[Data to use]

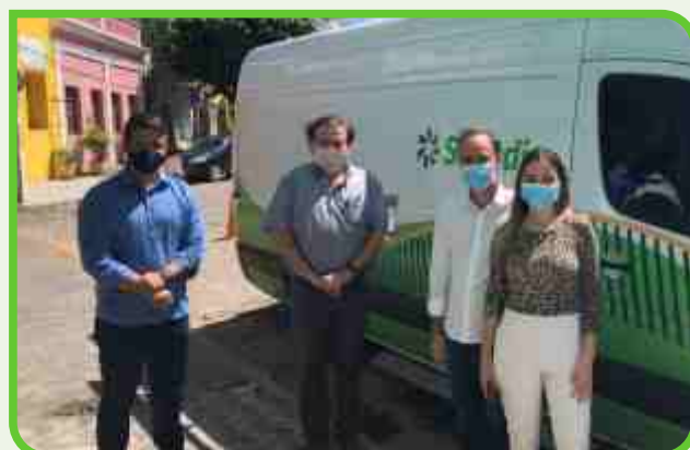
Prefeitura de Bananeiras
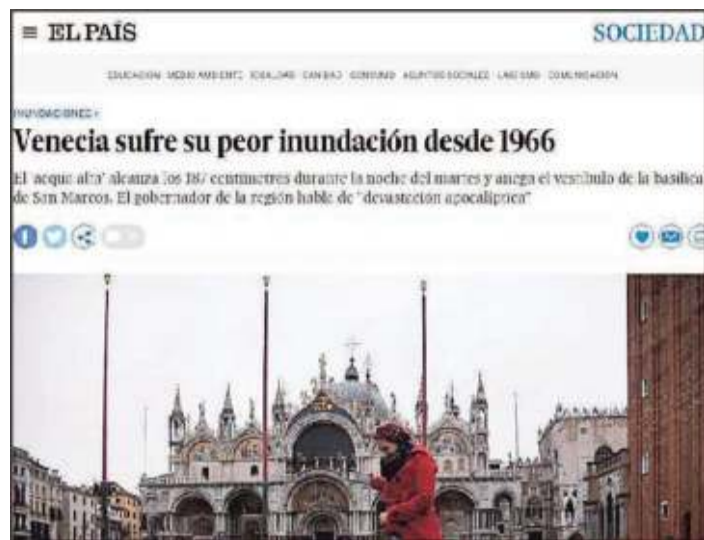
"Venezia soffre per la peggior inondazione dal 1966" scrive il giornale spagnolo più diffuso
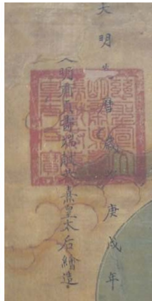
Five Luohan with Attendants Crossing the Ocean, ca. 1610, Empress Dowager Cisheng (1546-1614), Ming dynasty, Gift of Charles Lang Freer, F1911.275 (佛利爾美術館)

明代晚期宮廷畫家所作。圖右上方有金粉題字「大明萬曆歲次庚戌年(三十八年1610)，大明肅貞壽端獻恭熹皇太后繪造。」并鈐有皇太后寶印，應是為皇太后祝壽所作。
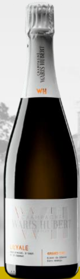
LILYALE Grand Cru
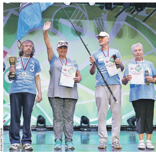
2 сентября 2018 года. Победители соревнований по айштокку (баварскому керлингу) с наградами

[/Data to use]

### Directions
Reproduce each entry word for word and cut the images.

### Answer area
Prefeitura de Bananeiras
"Venezia soffre per la peggior inondazione dal 1966" scrive il giornale spagnolo più diffuso
Five Luohan with Attendants Crossing the Ocean, ca. 1610, Empress Dowager Cisheng (1546-1614), Ming dynasty, Gift of Charles Lang Freer, F1911.275 (佛利爾美術館)

明代晚期宮廷畫家所作。圖右上方有金粉題字「大明萬曆歲次庚戌年(三十八年1610)，大明肅貞壽端獻恭熹皇太后繪造。」并鈐有皇太后寶印，應是為皇太后祝壽所作。
LILYALE Grand Cru
2 сентября 2018 года. Победители соревнований по айштокку (баварскому керлингу) с наградами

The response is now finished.